Starting with the line in which "e la concentrazione!" appears, give back every line exactly as written until the listing ends, excluding pictures.
== GIVEN DATA ==
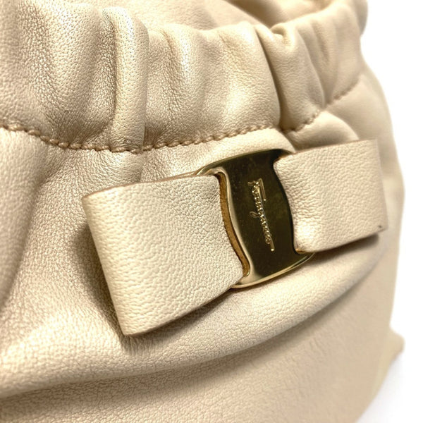 Salvatore Ferragamo Vara Georgette 2-Way Shoulder/Handbag, Light Beige Leather, for Women
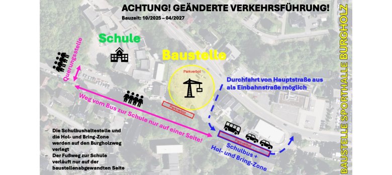 Während der Bauzeit kommt es zu Änderungen im Verkehrsverlauf und der Wegeführung, insbesondere im Bereich des Schulwegs. Um Ihnen die Orientierung zu erleichtern, stellt das Bauamt eine anschauliche Skizze bereit, die die neuen Verkehrs- und Schulwegführungen erläutern.
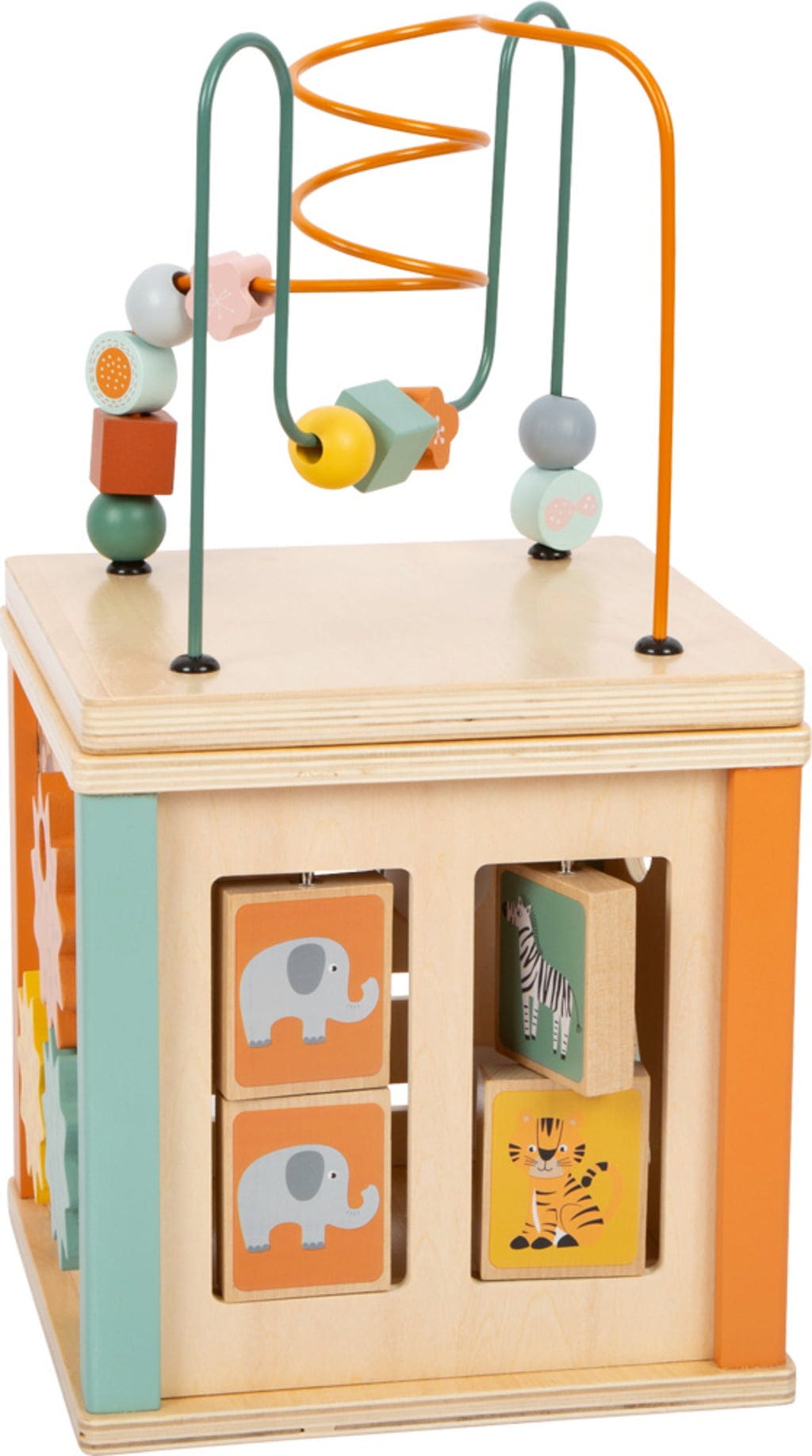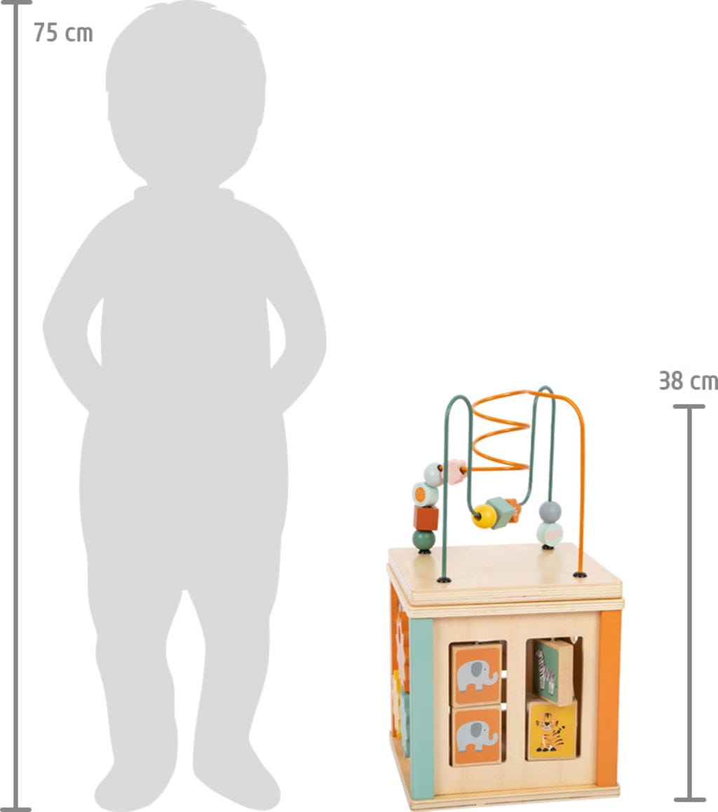 Il cubo "Safari" è il giocattolo perfetto per esercitare in modo giocoso la motricità fine e il riconoscimento di colori e forme. Su cinque lati, due labirinti di perline, un gioco di abbinamento di forme, un labirinto scorrevole, alette rotanti e un gioco di ingranaggi invitano i piccoli esploratori a vivere emozionanti avventure. I simpatici animali del safari accompagnano il bambino e rendono il cubo un vero e proprio elemento di spicco in ogni cameretta, grazie alla robusta struttura in legno e plastica. Un gioco versatile che stimola la creatività e la concentrazione!
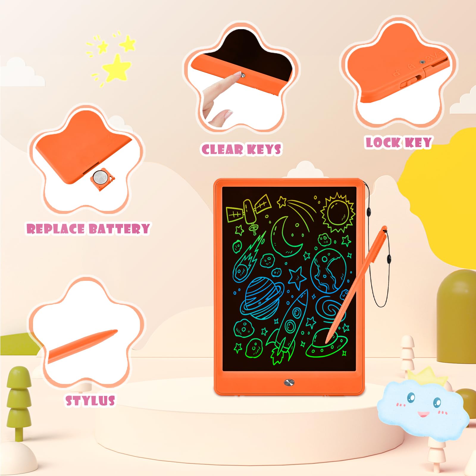 Reusable Kids Drawing Pad: The battery of the drawing board has long battery life, can be replaced for cycle use, without charging or plugging in power. The drawing pad toys can work quite a while with tens of thousands of erasing, avoid waste of paper and pencils
===
*COMPLETED TASK:*
 Il cubo "Safari" è il giocattolo perfetto per esercitare in modo giocoso la motricità fine e il riconoscimento di colori e forme. Su cinque lati, due labirinti di perline, un gioco di abbinamento di forme, un labirinto scorrevole, alette rotanti e un gioco di ingranaggi invitano i piccoli esploratori a vivere emozionanti avventure. I simpatici animali del safari accompagnano il bambino e rendono il cubo un vero e proprio elemento di spicco in ogni cameretta, grazie alla robusta struttura in legno e plastica. Un gioco versatile che stimola la creatività e la concentrazione!
 Reusable Kids Drawing Pad: The battery of the drawing board has long battery life, can be replaced for cycle use, without charging or plugging in power. The drawing pad toys can work quite a while with tens of thousands of erasing, avoid waste of paper and pencils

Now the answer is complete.